Once you reach this level, though, no one apart from other club players wants anything to do with you. You have crossed a Scrabble rubicon. Indeed, during our interview, Gandar’s colleague, one of New Zealand’s leading wordsmiths and enthusiastic Scrabbler, Toby Manhire, walked in and commented on how much he disliked playing with Gandar, primarily because of the gulf created by his knowledge of the two-letter words and concomitant ability to engage in parallel play.
“I just think it’s a different game,” Manhire says, “and the problem is if you go to a lovely holiday somewhere and you get otherwise lovely people like Alexander who you love to spend time with and have a cup of tea with and then it’s like, ‘Oh, let’s have a lovely game of Scrabble’, and then he goes, ‘Zhhn zhhn flicky flick ding ding ding’ and he’s got a thousand points.”
Gandar wants Scrabble to be bigger, to have a profile something like chess, its big-time rival in the battle for mind share in the world of what he calls brain sports.
The game isn’t currently doing a great job of attracting new talent, as Gandar’s own journey demonstrates. Although he had long been playing Scrabble at a level good enough to destroy his family and alienate his friends, it had never occurred to him to join a club until he stumbled on Cathy Casey playing a game with his boss at work late one night and she invited him along.
“If the Scrabble world had reached me earlier,” he says, “I could have been playing for six, seven, eight years, as opposed to just one and a half.”

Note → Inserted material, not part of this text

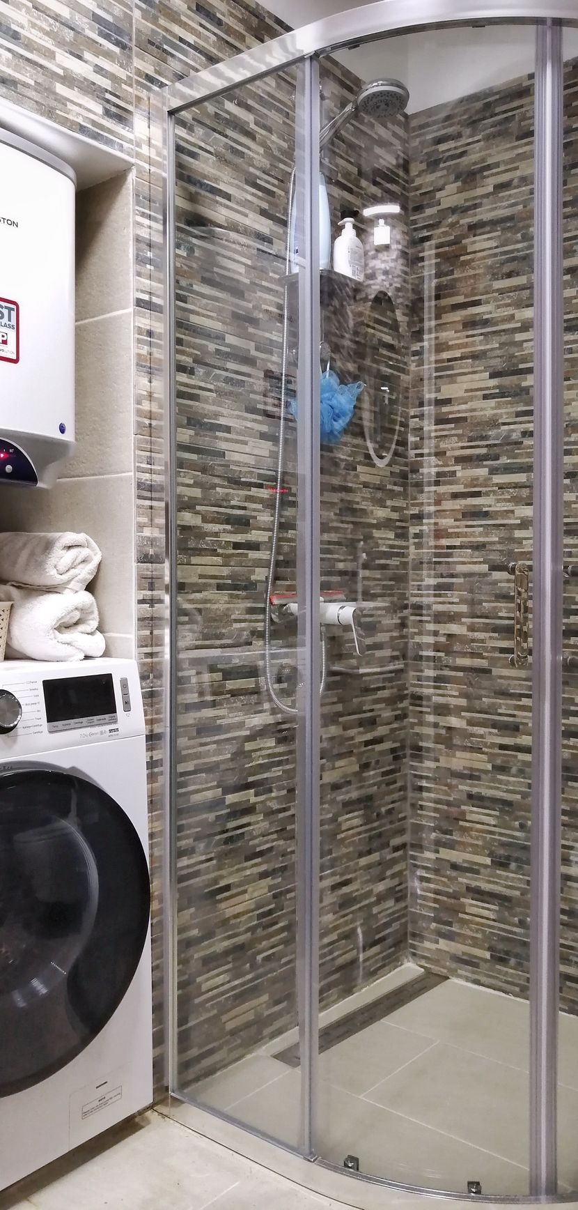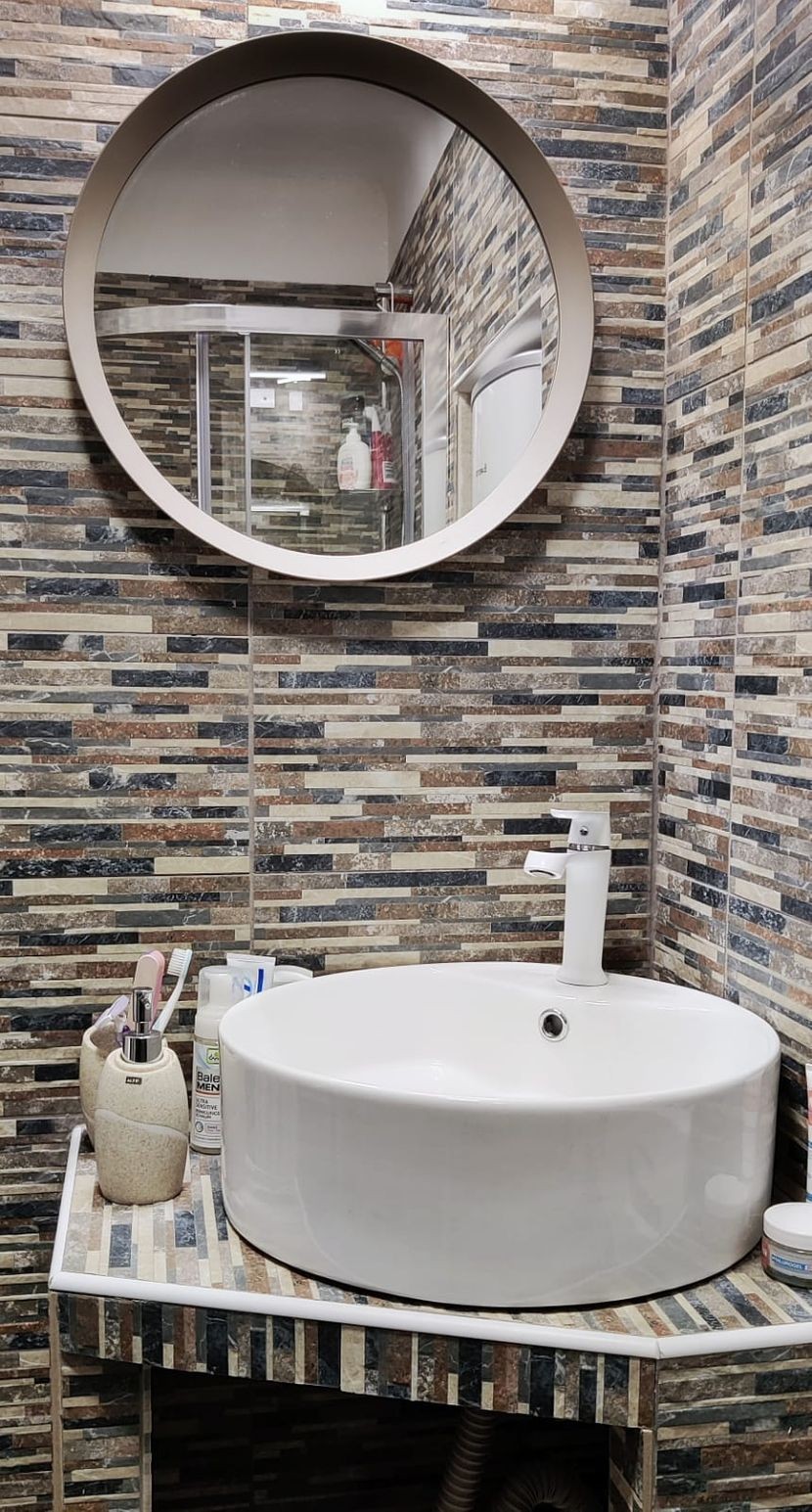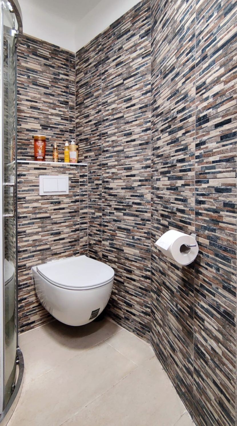 - Ние го направивме проектот, списокот на трошоци сами како и комплетниот дизајн на ентериерот. Физичкиот дел, кој вклучува електрични инсталации, водовод и керамички работи, поставување на специјална звучна изолација, како и конструкција на ѕидот на бањата, го направија мајстори - објасни таа.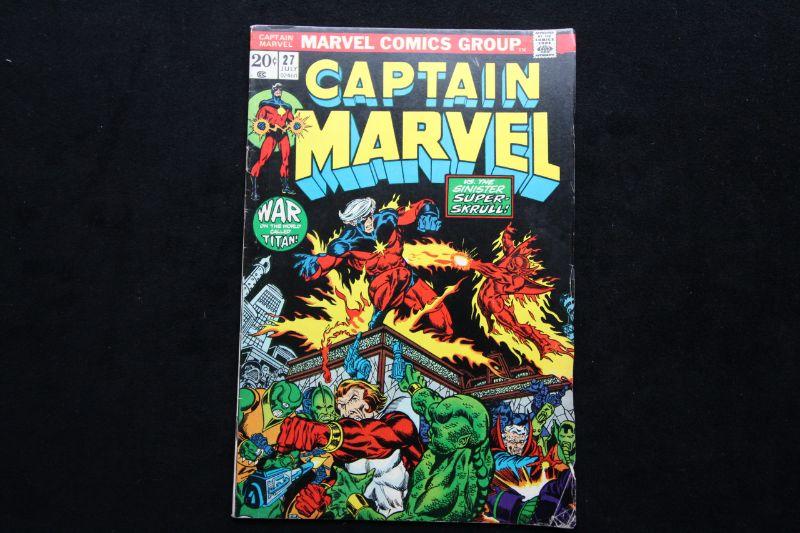 \nThanos flies towards the Derniere Islands with Death and finds the Cosmic Cube, but Drax is already there to stop him. Meanwhile, Rick's romantic interest Lou-Ann goes to the Avengers' Mansion, asking for help with Rick Jones's membership card. Captain Marvel, Eros and Mentor battle Thanos' army of aliens controlling Titan and Captain Marvel fights against the Super-Skrull, killing him.: Condition: 4.5

He hopes his documentary encourages more people into the game and that it helps show the game in a light it might not have always enjoyed. In this country, he says, there’s always been a “whiff of the quirky” about Scrabble, but that’s not necessarily the case in other countries, particularly in Southeast Asia and Africa where what he calls “brain athletes” are taken seriously and are highly regarded.
“I was definitely trying to achieve a sense of that credibility, of having it being like a serious pursuit for these people and sort of trying to work beneath or under that stereotype of it being quirky or weird.”
In Every Word Counts, a good number of games in progress at the national championships are shown and the moments that make it to screen frequently involve the same event: the playing of a particularly notable word for a high score, typically a “bingo” (where a player uses all her letters, earning a 50-point bonus). What’s most notable about this event is that, no matter how high the stakes or how game-changing the play, the other player almost always congratulates their opponent for it. Maybe some competitive Scrabblers have a whiff of the quirky, but in this movie at least, they just seem nice.
The desire of all competitors to win is obvious, but what’s much more striking is the sense of camaraderie. These are people who want to connect with others who share their passion. That’s what Gandar has found on his own Scrabble journey, and that’s what his movie is ultimately about.
“There’s no judgment at all,” he says. “The game is the game. If you love the game, that’s all that matters.”